Мох и гортанный рев: «лохматые предки» (2024)

Когда я впервые увидел рабочие плёнки «Лохматых предков», субъективный хронометр замер. Режиссёр Елизавета Болотина собирает архетипы северного фольклора, палеозоя и клубной сцены в единую, живую, шершавую ткань. Камера Дамира Лесина движется медленно, словно прощупывает мхи на скальном откосе, зритель погружается в ворс на щеках актёров, в упругие колючки хвойных семян, в неоновую пыльцу, оседающую на шкурах персонажей.

Пластика дикой памяти

Сюжет напоминает устную балладу, зафиксированную диктофоном этнографа, утратившего ориентацию во времени. Волколаки-сквоттеры, гибриды людей и соболей, охраняют древний барабан, выкроенный из шкуры вымершего оленя-магнита. Инфернальный артефакт дребезжит при малейшем колебании атмосферного давления, вызывая у персонажей временные припадки глоссолалии. Через такие срывы речевой цепи автор исследует вопрос: способно ли прошлое продолжать вибрировать в тканях организма, пока процветает постиндустриальная суета мегаполисов.

Звук как шаманский мех

Звуковая дорожка заслуживает отдельного вскрытия. Саунд-дизайнер Лада Горихвост апеллирует к акустическому эффекту (источник звука не виден), подвешивая гортанные диплофонные обертоны над фрагильным эмбиентом из скрипящих сосновых стволов. Каждая шерстинка на шкурах героев словно вибрирует в унисон с пиком частоты 18 герц, сродни инфразвуковому призраку, фиксируемому только козьими барабанными перепонками. Автор музыки — постпанк-коллектив «Истлевшая шапка», в чьём арсенале тембры варгана, расстроенной виолы да литофон из яшмы. Такое сплетение рождает акустическую синекдоху (приём, когда частьь заменяет целое), ведь мельчайший щелчок зубов главного героя передаёт громадность ледяной пещеры эффективнее, чем широкий общий план.

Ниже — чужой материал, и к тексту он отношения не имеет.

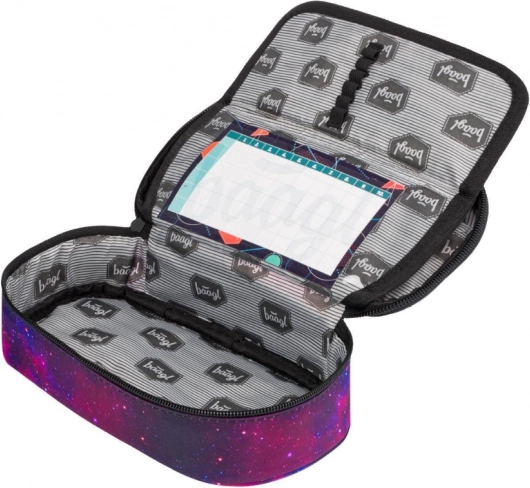 Praktický školní penál s motivem galaxie od značky Baagl, ideální pro efektivní organizaci školních potřeb. Stylový a funkční design pro každodenní použití.

Художница по костюмам Нонна Макарова внедряет принцип «фибрового инклюзивизма»: сцепляет в одном наряде шерсть яка, целлюлозные нити, угли, утрамбованные в прозрачную смолу. Нарочитая спутанность фактур рифмуется с мотивацией персонажей, которые утратили антропоцентричную идентичность и пересобирают собственный геном при помощи ритуальных пирсингов. Колористика кадра уклоняется от привычной трехактной эволюции, переходя к спиралевидной: гаммы повторяются не по схеме вступления-кульминации-развязки, а по принципу фрактального рая.

Территория киномутации

Закладывая в сюжет острые вопросы экофутурологии, Болотина не скатывается в декларативность. Фильм подталкивает к ревизии антропоценового мышления через патологически чувственное изображение «волосяной памяти» — гипотетического механизма, где наружные кератиновые структуры хранят коллективное бессознательное. Такой посыл резонирует с теориями биогерменевтики профессора Салдинова, утверждающего, что один волос способен держать в себе музыкальный аккорд длиною в тысячу лет.

Кастинг потрясает сочетанием инстинкта и дисциплины. Лицевая мускулатура актёра Игоря Пимочкина совершает микродвижения, близкие мимическому морфингу, благодаря чему персонаж Рыжеха сеет тревогу без единой реплики. Диалоговые сцены почти отсутствуют, зато пластика тел поглощает пространство, формируя так называемый «кореоцеп» — термин балетмейстера Баклея, обозначающий сеть взаимодействий между конечностями разных артистов в кадре.

Выход «Лохматых предков» выглядит своевременным жестом против цифровой глади гладкости. Плёнка будто ворочает комьями аспидного торфа из-под клишированных нарративов и открывает доступ к предлоготипическому языку, где звук, волос и камень сплетают новый кинематографический синтаксис. Я покидал зал с ощущением едва проснувшейся чесотки на затылке — зуд предка, требующего продолжения разговора.